Purification of noisy quantum measurements

TL;DR

This paper explores methods to enhance noisy quantum measurements by preprocessing strategies, including error correction-like procedures for finite-dimensional systems and preamplification for unbounded observables, aiming to emulate ideal detectors.

Contribution

It introduces novel preprocessing techniques for noisy quantum measurements, enabling near-perfect measurement of observables in finite-dimensional systems and unbounded spectrum scenarios.

Findings

Preprocessing can make many noisy detectors equivalent to a single ideal detector.

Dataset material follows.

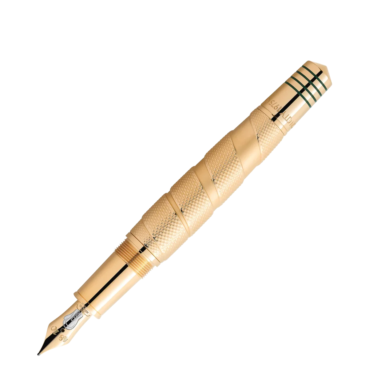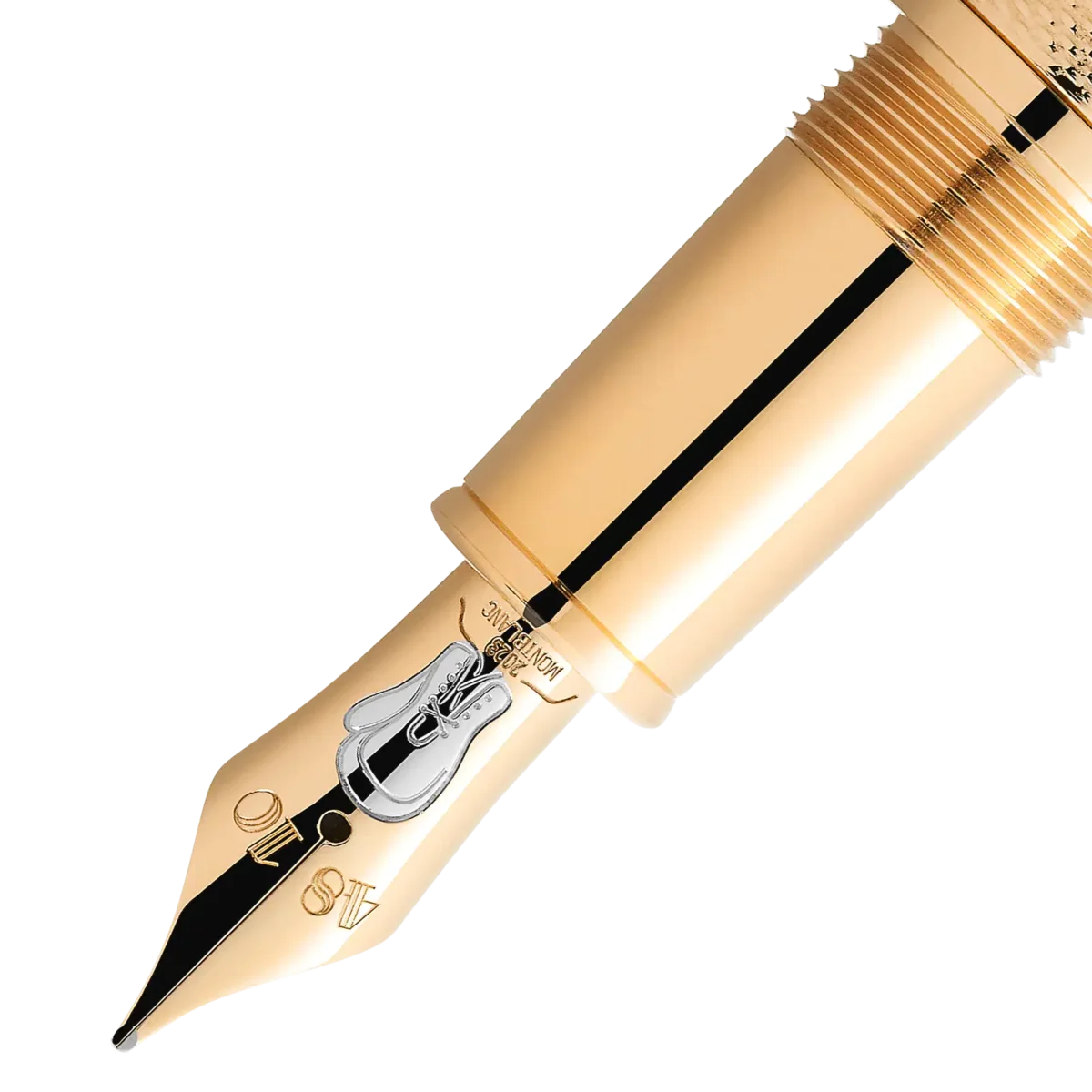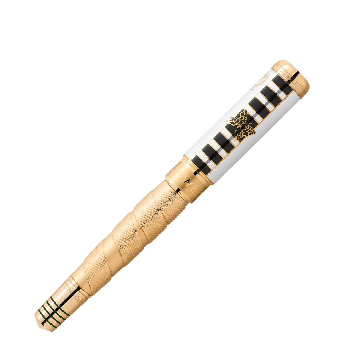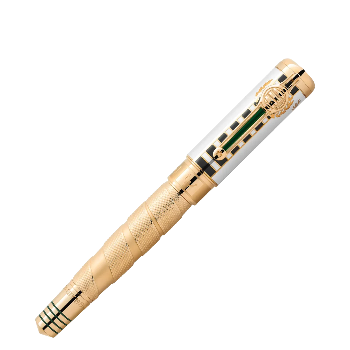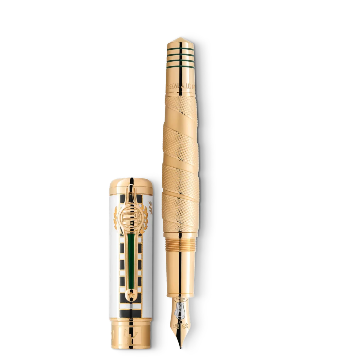 Nur wenige Sportler werden so gefeiert und geehrt wie der dreimalige Weltmeister im Schwergewicht Muhammad Ali, dessen legendäre Momente im Sport und im Kampf für Bürgerrechte ihn zu einem der einflussreichsten Sportler und Menschenfreunde des 20. Jahrhunderts machten. Als Sportler erschütterte Ali die Welt mit seiner Kraft, seinem Können und seiner Persönlichkeit und wurde mit nur 22 Jahren Weltmeister im Schwergewicht. Sein größter Triumph war jedoch das Ergebnis seines humanitären Engagements. Inspiriert von dem Gewand, das Ali 1974 bei seinem legendären Kampf in Kinshasa, Zaire, trug, repräsentiert der kostbare Lack auf der Kappe dieses unverwechselbare Muster, während das Muster auf dem goldbeschichteten Schaft an die Boxbänder erinnert, mit denen Sportler ihre Hände umwickeln. Der goldbeschichtete Schmetterling auf der Kappe ist von seinem typischen Kampfstil inspiriert: „Float like a Butterfly, sting like a bee” (Schwebe wie ein Schmetterling, steche wie eine Biene). Der spitze Kegel greift dieses Konzept auf, und die vier lackierten Linien ähneln den Seilen eines Boxrings. Die Inschriften auf dem Kegel beziehen sich auf Alis Sieg im Kampf von 1974 mit dem Spitznamen „Rumble in the Jungle”, als Ali seinen zweiten Weltmeistertitel im Schwergewicht gewann. Die Details seines Sieges, nämlich der Sieg durch technischen K.o. in der achten Runde, sind auf dem Kappenring zu finden. Der Kegel weist auch auf einen berühmten Kampf Alis im Jahr 1975 hin, der den Spitznamen „Thrilla in Manila“ trug.Zur Feier seines zweiten Titels ist das Montblanc-Emblem aus weißem Edelharz mit einer „2“ verziert. Um diesen Erfolg zu unterstreichen, hat der Clip die Form eines Box-Meisterschaftsgürtels und trägt seinen Namen. Die handgefertigte, zweifarbige Feder aus massivem 750er Gold zeigt einen Boxhandschuh. Ident-Nr. MB129336 Physikalisches Gewicht 95,76 g Abmessungen 147,3 mm * 17,3 mm

Error correction-like strategies enable perfect measurement with increasing detectors.

Preamplification effectively purifies measurements with unbounded spectra.

Abstract

We consider the problem of improving noisy quantum measurements by suitable preprocessing strategies making many noisy detectors equivalent to a single ideal detector. For observables pertaining to finite-dimensional systems (e.g. qubits or spins) we consider preprocessing strategies that are reminiscent of quantum error correction procedures and allows one to perfectly measure an observable on a single quantum system for increasing number of inefficient detectors. For measurements of observables with unbounded spectrum (e.g. photon number, homodyne and heterodyne detection), the purification of noisy quantum measurements can be achieved by preamplification as suggested by H. P. Yuen [1].